# Rip Tigsy my baby girl



## Nickyglow (Aug 26, 2009)

Just got back from the vets and we left Tigs there. She has now gone to cat heaven and will be loved immensly by all who play with her.

Your time was soo short but you enjoyed every little bit of it, from snuggling in bed with mummy, to climbing the curtains and chasing Timmy.

You will be forever missed but at least I now know you are in no more pain and that your spirit lives on and I know you will still snuggle up to mummy in bed.

I love you lots and lots my lil baby girl 

Love mummy

xxxxxxxxx


----------



## rachael (Jul 30, 2008)

Oh god I'm so so so sorry for you loss.

I just got done reading your other thread and it left me crying.. 

Rest in peace Tigsy... Sweet dreams.. xx


----------



## Dally Banjo (Oct 22, 2009)

So very sorry for your loss of Tigsy :crying: she was a beautiful brave little paws xxx


----------



## ChinaBlue (Feb 3, 2008)

So very sorry to hear about your darling Tigsy. Take some comfort in the fact that in the short time she was with you she was very much loved.

Sleep well Tigsy.


----------



## Tom&Izzie'sMum (Jan 8, 2010)

Oh, no - I'm so sorry she's gone. :crying:
But I'm glad that for her short time she was here, she was with you, who clearly adored her more than anyone could.
I hope it helps a little to know that she's not hurting anymore, and that she's left you with both heart and head full of memories.
Lots of (((hugs))) to you.
R.I.P, Tigsy. Sleep tight, little girl. xxx


----------



## Baby British (Jan 24, 2010)

So sorry xxx


----------



## babycham2002 (Oct 18, 2009)

I am very sorry for your loss
RIP Tigsy


----------



## Mum2Alfie (Jan 4, 2010)

So sorry for your loss! Rest in peace Tigsy :crying:


----------



## Nickyglow (Aug 26, 2009)

Thank you so much for all your kind words and support through this upsetting time.
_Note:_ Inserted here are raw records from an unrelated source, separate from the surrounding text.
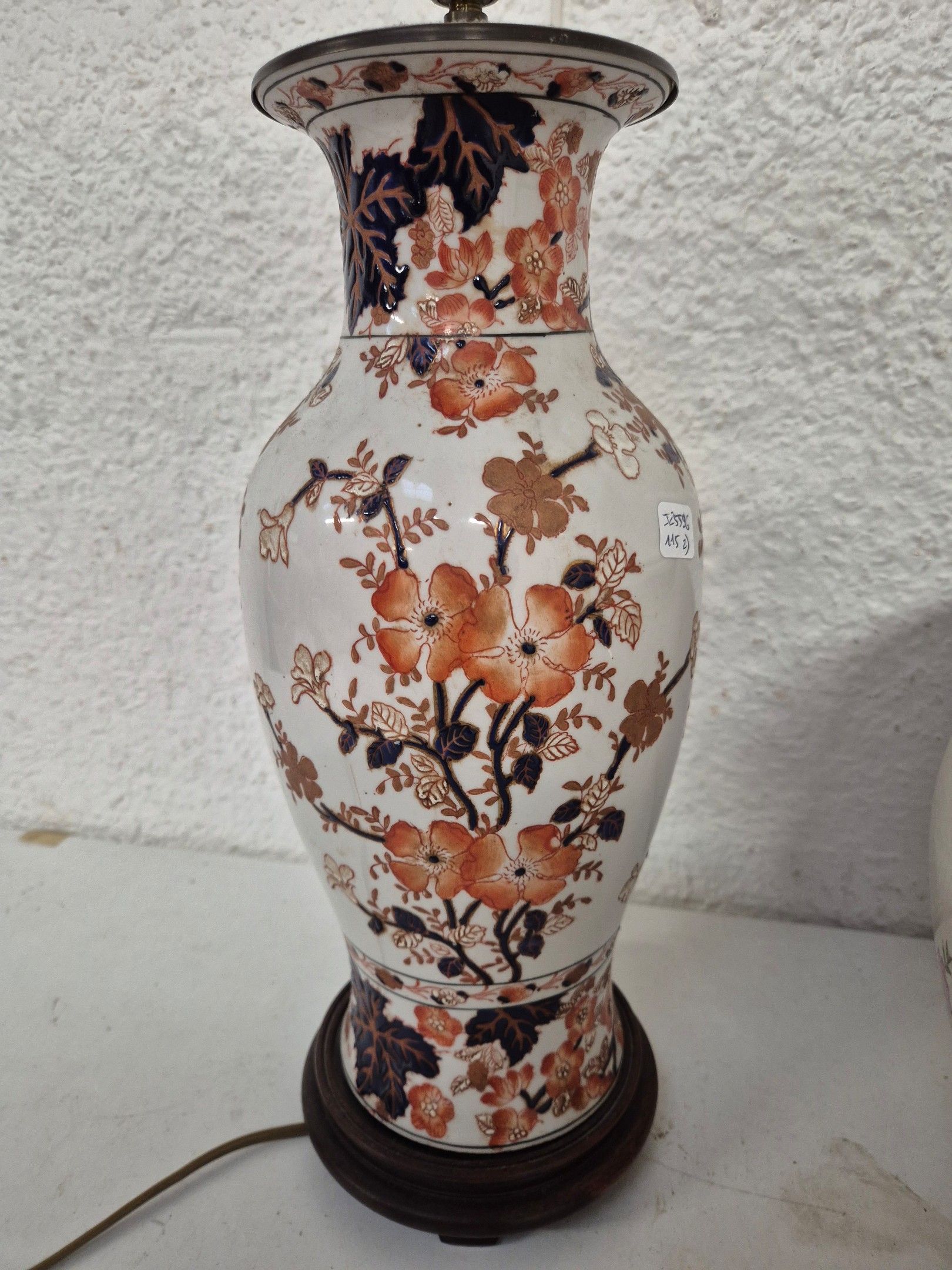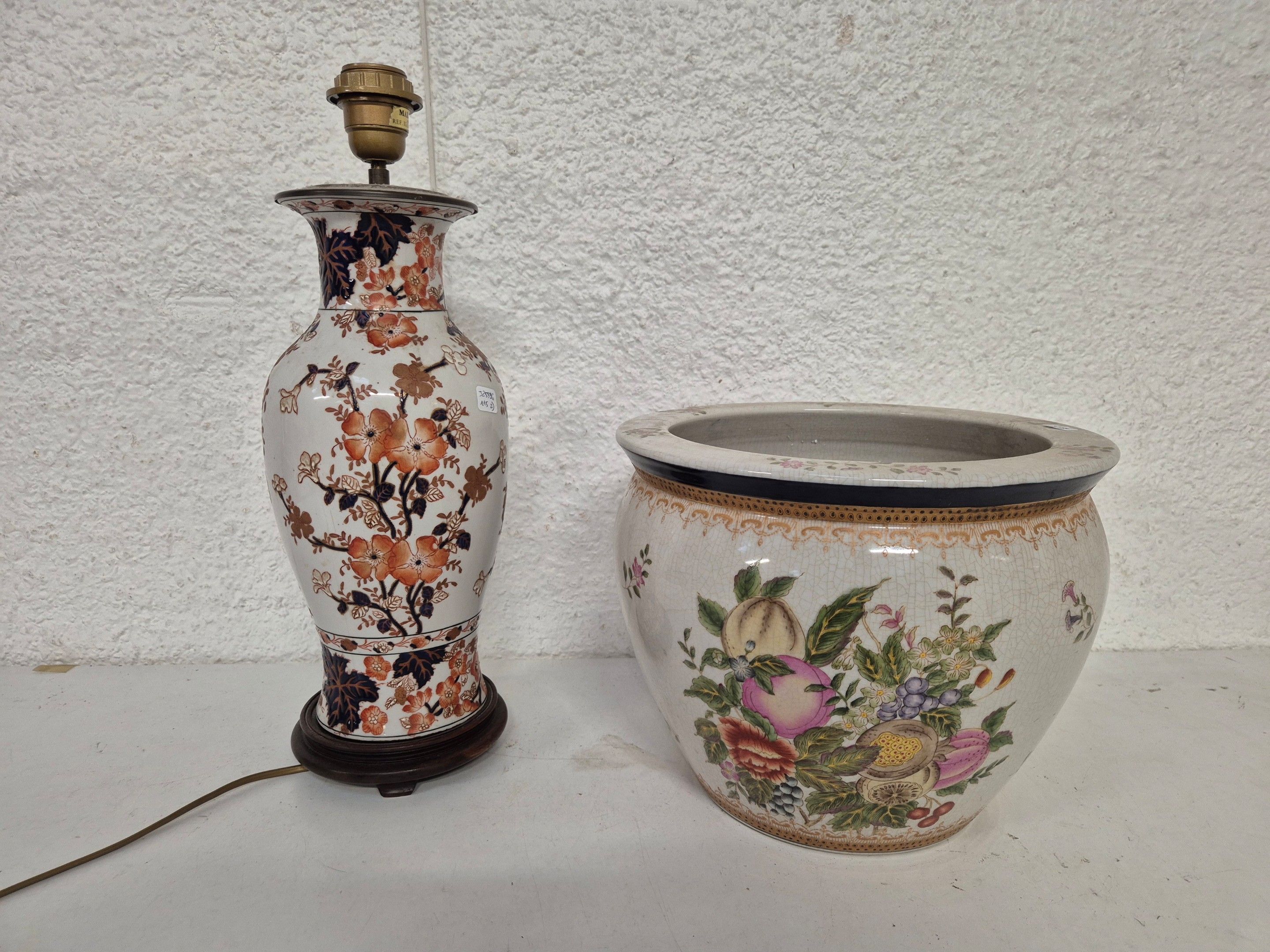 J/ CHINE XXE, cache-pot en faïence à décor de fleurs et fruits et vase balustre en porcelaine à décor floral sur fond blanc, monté en lampe.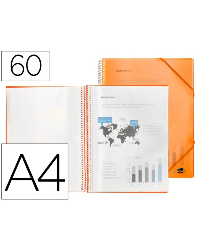 Carpeta liderpapel escaparate con espiral 60 fundas polipropileno din a4 naranja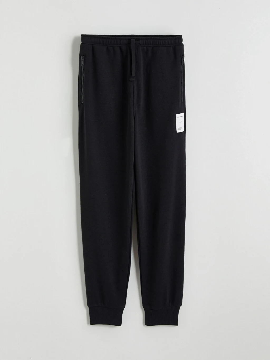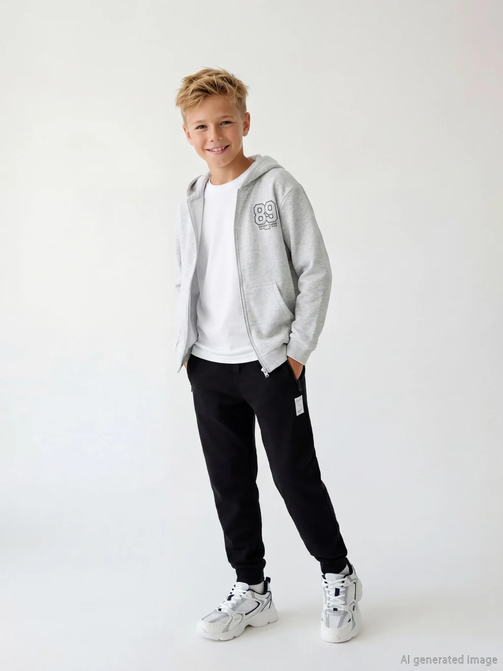 Beli lastikli ve bağcıklı erkek çocuk eşofman altı, orta kalınlıkta 2 iplik kumaştan üretilmiştir. Paçaları ribanalıdır ve fermuarlı cepleri bulunur.

I have spoken to my insurance people this morning who are now dealing with the claim. The cremation company are picking Tigs up today and we can have her ashes back on Monday.

I've decided to have her cremated seperately so that we can have her ashes back. I'm not sure what I will do with them but most likely she will take pride of place on my display cabinet. I really don't want her outside as she has never been outside (being a house kitty) and it wouldn't be fair on her, even though she is just ashes :crying:

Timmy has finished searching the house from top to bottom for her and is now sulking in the front room, he refuses to talk to me or even come for snuggles so I have a lot of treat giving to go before he forgives me.


----------



## marmite (Sep 22, 2009)

oh im so sorry for your loss hun, sending big hugs xx


----------



## nic101 (Jun 8, 2009)

RIP tigsy.


----------



## tylow (Feb 11, 2009)

Rip Tigsy


----------



## Cazza1974 (Sep 23, 2009)

RIP Tigsy. I am so sorry for you. She was a beautiful girl xxx


----------



## RockySapphire (Oct 2, 2009)

I'm so very sorry for your loss. Its so very sad to hear poor Tigsy's story but be strong, we all know you have done the best for her. 
RIP Tigsy. Run free and happy at Rainbow Bridge.


----------



## colliemerles (Nov 2, 2007)

sorry for your loss, sending big hugs to you xxxxxxxx


R I P Tigsy xxxxxxxxxxx


----------



## CreativeLC (Aug 13, 2008)

So sorry for your loss. If you can try to think of the good times you had with her, it might help a bit.
RIP Tigsy x


----------



## Bellini (Mar 30, 2009)

so sorry.

Rest In Peace little baby girl.


----------



## JoWDC (Jan 11, 2009)

Sleep well little Tigsy. Your life may have been short but i know it was filled with lots of love.


----------